EXERCISE INPUT

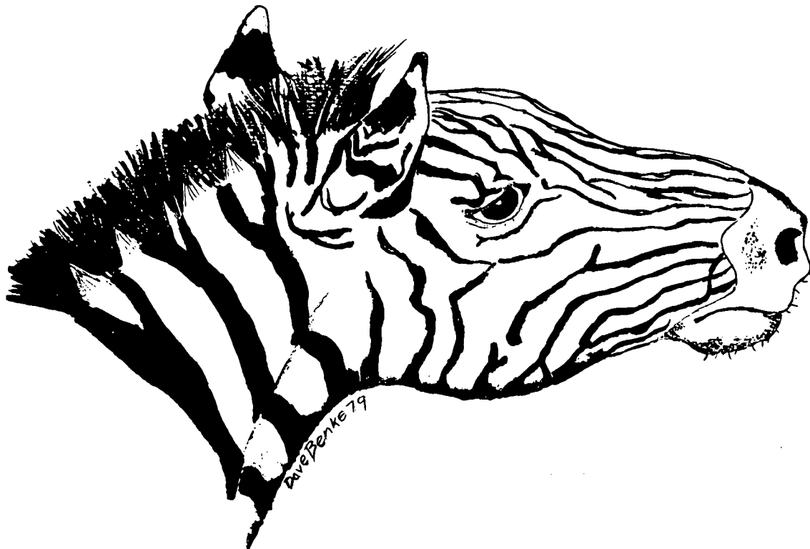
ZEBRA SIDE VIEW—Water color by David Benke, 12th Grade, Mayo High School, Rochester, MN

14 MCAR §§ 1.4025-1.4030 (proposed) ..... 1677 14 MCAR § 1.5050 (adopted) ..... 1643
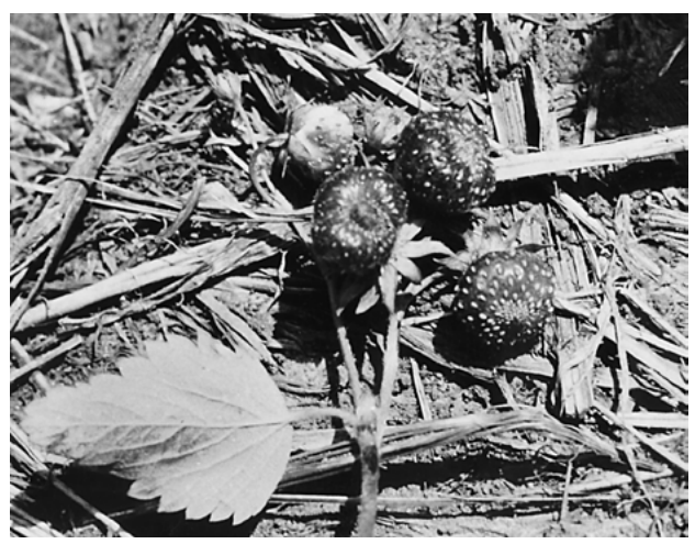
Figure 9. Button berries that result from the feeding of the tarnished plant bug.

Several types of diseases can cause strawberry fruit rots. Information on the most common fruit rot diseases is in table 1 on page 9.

...

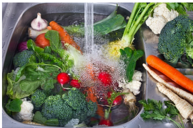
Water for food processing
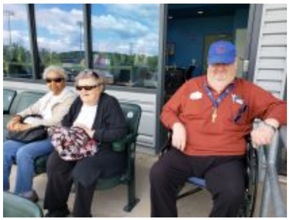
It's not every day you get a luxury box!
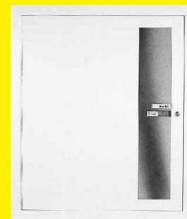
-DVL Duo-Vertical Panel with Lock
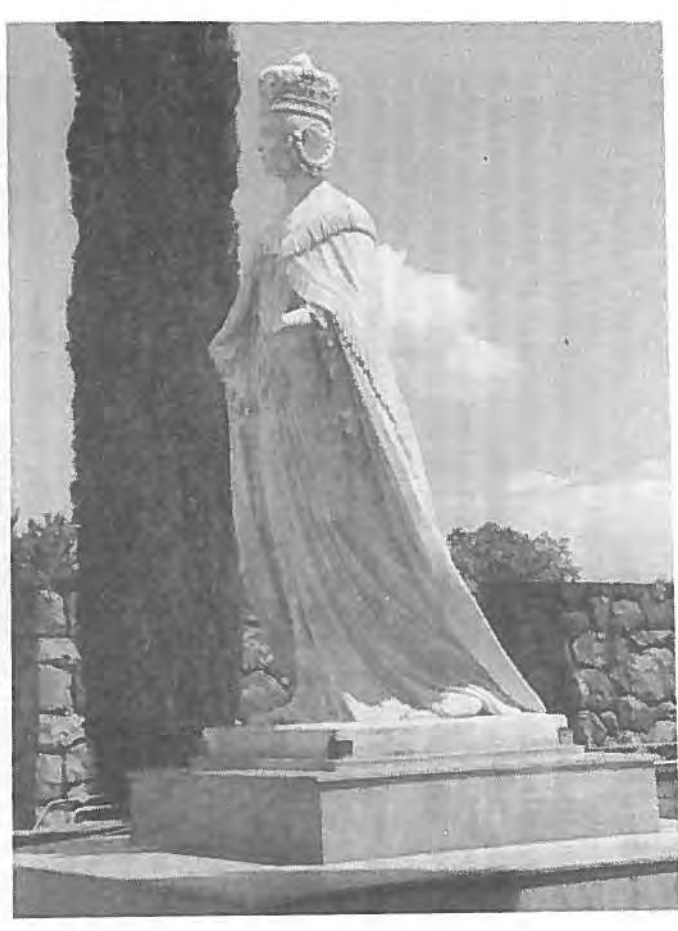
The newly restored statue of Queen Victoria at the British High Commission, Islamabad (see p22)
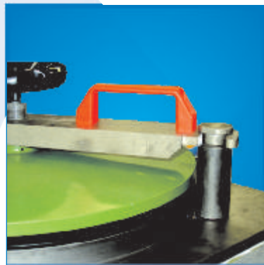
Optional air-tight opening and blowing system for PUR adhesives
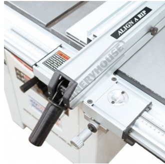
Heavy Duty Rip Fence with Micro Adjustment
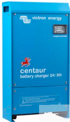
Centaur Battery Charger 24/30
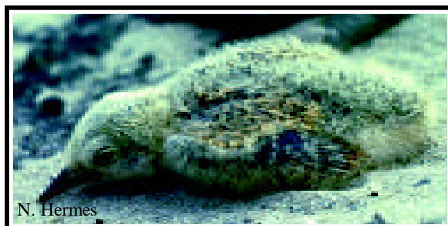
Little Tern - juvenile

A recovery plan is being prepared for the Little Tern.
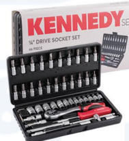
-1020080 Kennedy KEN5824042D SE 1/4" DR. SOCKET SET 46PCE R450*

PROBLEM DETAILS
Copy all lines from the data above that contain the word "with".

SOLUTION
-DVL Duo-Vertical Panel with Lock
Heavy Duty Rip Fence with Micro Adjustment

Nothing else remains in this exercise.